With the rapid development of biomaterials, conductive polymer materials, including polypyrrole (PPy) [64, 65], PANI [66], graphene [67], and carbon nanotubes [68–70], have been explored as substrates with acceptable biocompatibility with neural cells. The conductive polymers can locally deliver electrical stimulus to stem cells and even be conjugated with peptides to enhance stem cell proliferation and differentiation. Chuan et al. reported that NSCs planted on a conductive PLGA/GO composite membrane, showed increased proliferation, neuronal differentiation, and neurite elongation [60]. Peptide-coated PPy neural probes implanted in guinea pig brain promoted the neuron attachment [71]. Ostrakhovitch et al. found that poly(3,4-ethylenedioxythiophene) (PEDOT) : polyethylene glycol (PEG), ITO, and fluorine doped tin oxide (FTO) glass slides can facilitate the neural differentiation of mouse NSE and P19 pluripotent embryonal carcinoma cells and greatly increase the expression of βIII-tubulin [72]. However, Stewart et al. showed that ES in PPy-containing dopant dodecylbenzenesulfonate (DBS) can predominantly induce the differentiation of NSCs into neurons and less likely into glial cells [65]. It remains unclear whether ES can manipulate the differentiation of stem cells into specific subtypes of neurons, including glutamatergic or dopaminergic neurons.

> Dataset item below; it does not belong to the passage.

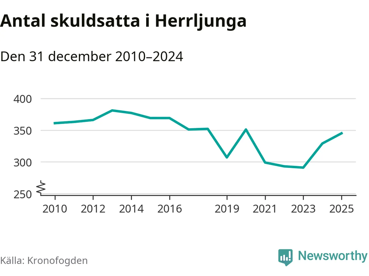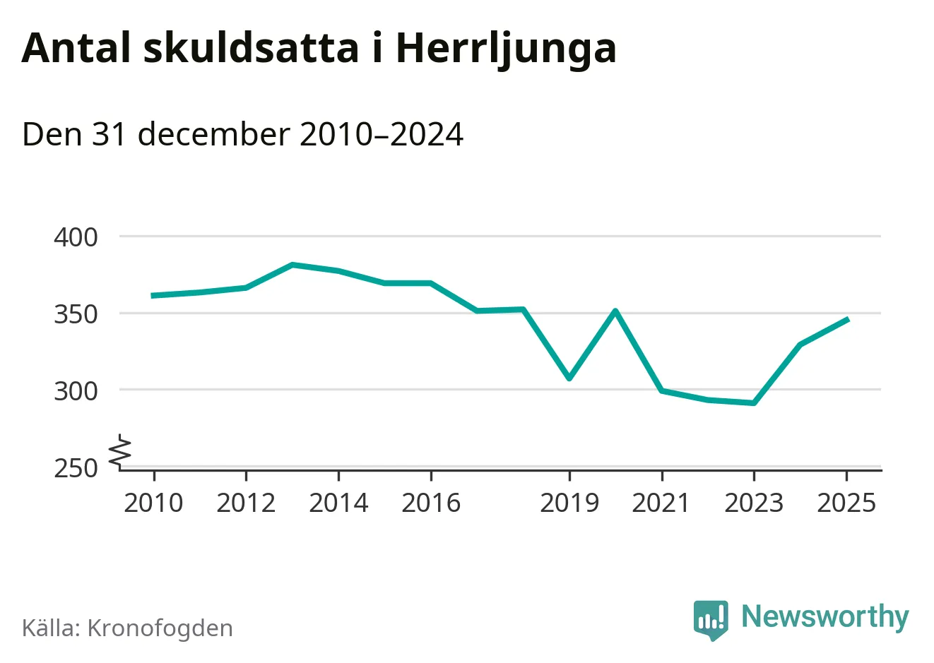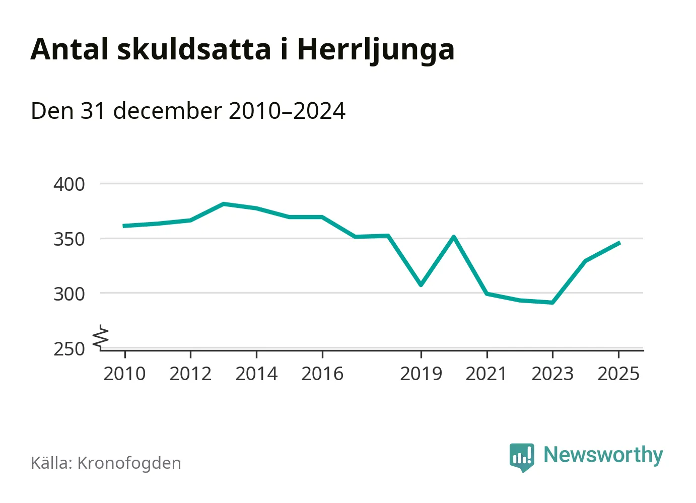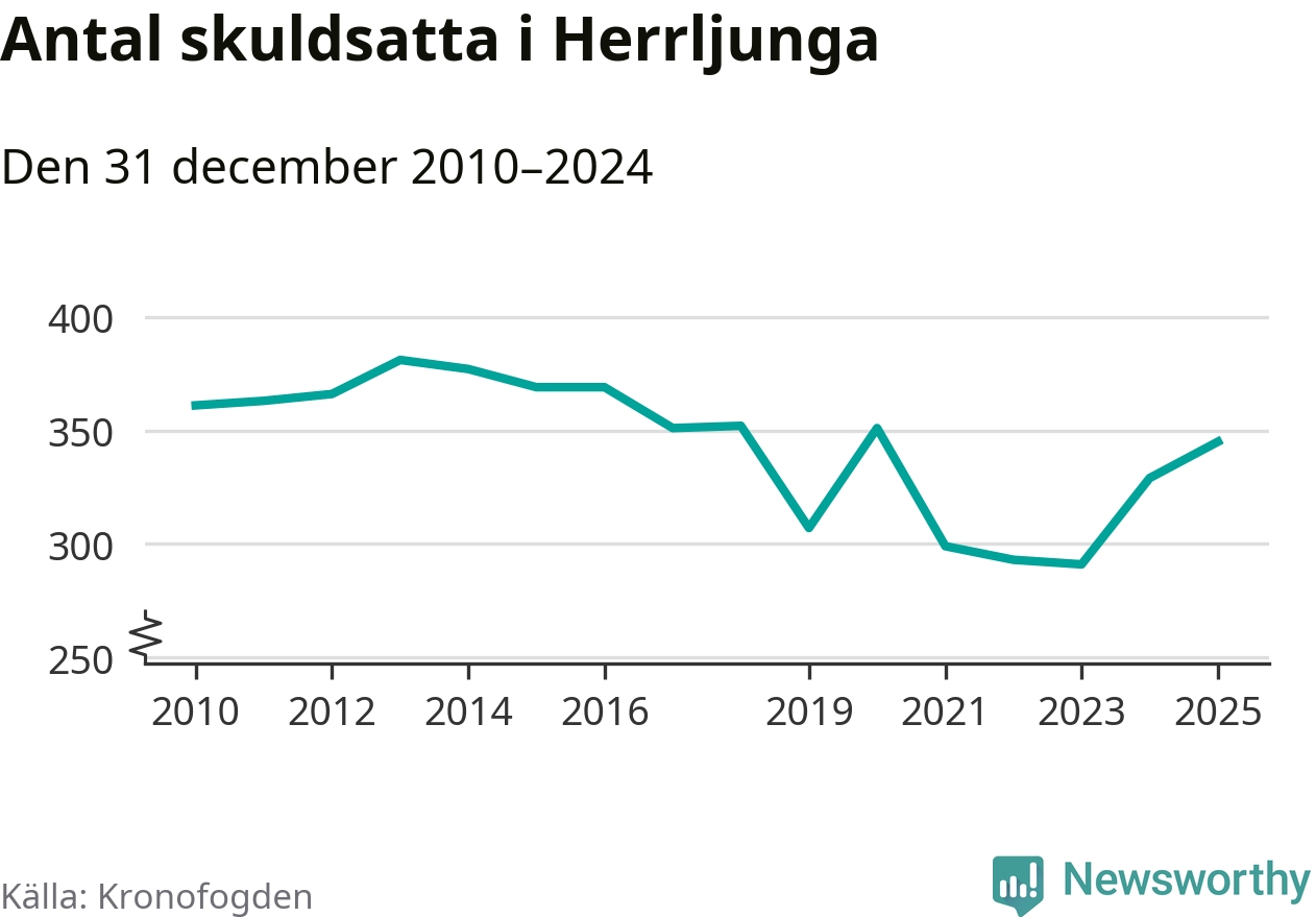 Allt fler Herrljungabor hamnar hos Kronofogden. Vid årskiftet var 345 invånare i kommunen skyldiga totalt 96,7 miljoner kronor. Det är en ökning med 16 personer – eller 5 procent – jämfört med året innan. Det är det högsta antalet sedan 2020.

3.2. Effect of Electrical Stimulation through 3D Conductive Material on Stem Cell Neural Differentiation
Compared to 2D cell monolayers, stem cells cultured in a 3D model showed improved cell behavior [73–75]. Numerous materials such as electroconductive hydrogels [76], carbon nanotubes [69, 77], and other nanocomponents [78] have been utilized in developing 3D stem cell neuronal differentiation model [79]. Figure 2 shows the structures of conductive materials used for neural tissue engineering. Heo et al. reported that 3D cultured adipose-derived stem cells formed distinct cell spheres in poly(3,4-ethylenedioxythiophene) : polystyrene sulfonate (PEDOT : PSS) microwells and showed higher neuronal gene expression levels with ES [80]. Rahmani et al. [81] used silk fibroin and reduced GO to generate a 3D conductive nanofibrous scaffold that delivered pulsed current (2 : 115 V/m, 0.1 and 1 : 115 V/m, 100 Hz). Their conductive fibrous scaffold promoted conjunctiva MSCs to differentiate into neural cells by upregulating neural genes, such as MAP2, βIII-tubulin, and NSE. Carbon nanomaterials, such as graphene nanoplatelets (GNPs) and multiwalled carbon nanotubes (MWCNTs), also demonstrated the ability to enhance cell proliferation and neurite outgrowth and differentiation [82–84].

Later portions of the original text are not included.